Factor influencing sustainable ZnO-NP synthesis, a graphical representation.
ZnO nanoparticle characterization
UV/Visible spectroscopy
In this study, we have investigated the optical properties of ZnO nanoparticles synthesized at various concentrations and temperatures via UV/visible spectroscopy. The absorption spectra of the samples were noted on a Cary series spectrophotometer (Agilent Technology) over a wavelength range of 200–800 nm.
Scanning electron microscopy
Scanning electron microscopy (SEM) A Nova Nano SEM-450 was used to obtain morphological and compositional images of the biologically synthesized zinc oxide nanoparticles.
X-ray diffractogram
X-ray powder diffraction data of the crystalline material were collected on a Bruker AXS D8 Advance (Cu k-alpha radiation, λ = 1.5402 Å).
Energy-dispersive spectrometers
The elemental information of the nanomaterials and their composition were investigated by energy dispersive spectrometry.

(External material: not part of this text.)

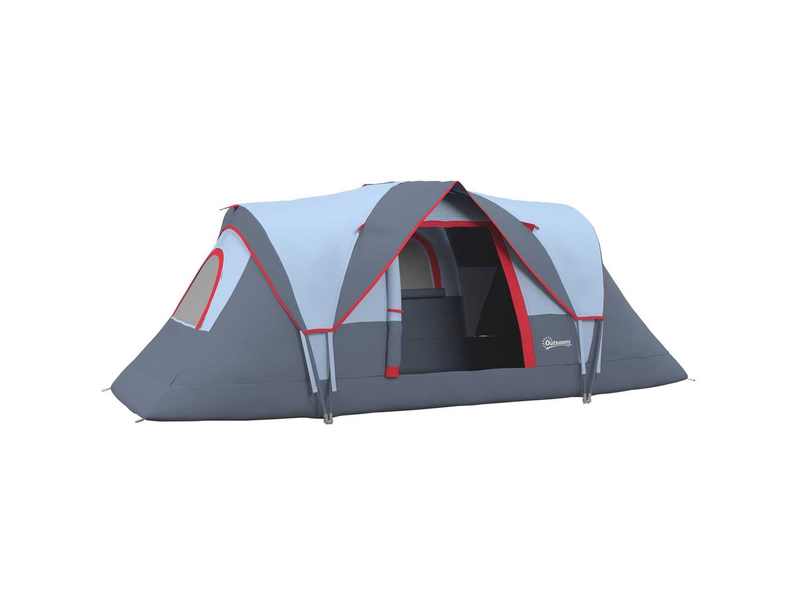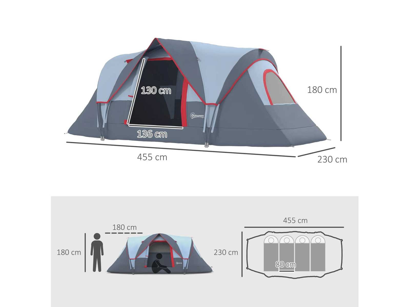 Specificaties: - Hoofdkleuren: lichtgrijs, donkergrijs, rood - Belangrijkste materialen: PE oxford, 210T polyester, glasvezel, staal -Zon. totaal: 4,55L x 2,2L x 1,8H m -Zon. deur: 1,36L x 1,3H m -Zon. Ramen: 125W x 70H cm/100W x 60H cm -Zon. opgevouwen: Ø 21 x 68L cm - Buisvormige glasvezel Ø: 9,5 mm Non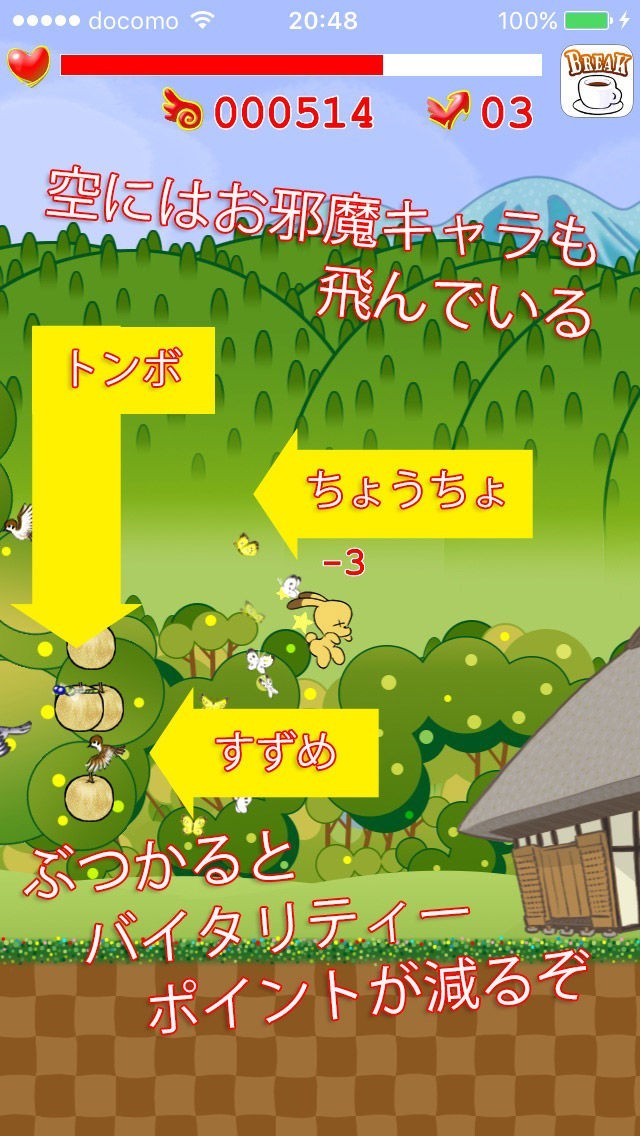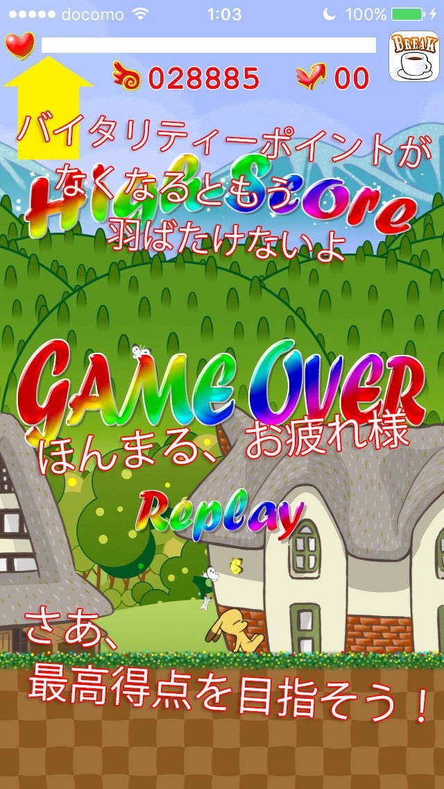 ほんまるは画面上の赤い帯で示されるバイタリティーポイントが続く限り羽ばたけます。途中お邪魔キャラにぶつかればバイタリティーポイントは減ります。また途中にはバイタリティーポイントを回復されるアイテムもあります。

Fourier transform infrared spectroscopy (FTIR)
Fourier transform infrared spectroscopy was used to determine the molecular interactions and chemical makeup of the synthesized nanoparticles. The FTIR spectra were acquired using a Thermo Fisher Scientific Nicolet iS50 spectrophotometer. The IR absorption spectra revealed peaks corresponding to several functional groups, providing important information about the chemical bonds found in the nanoparticles.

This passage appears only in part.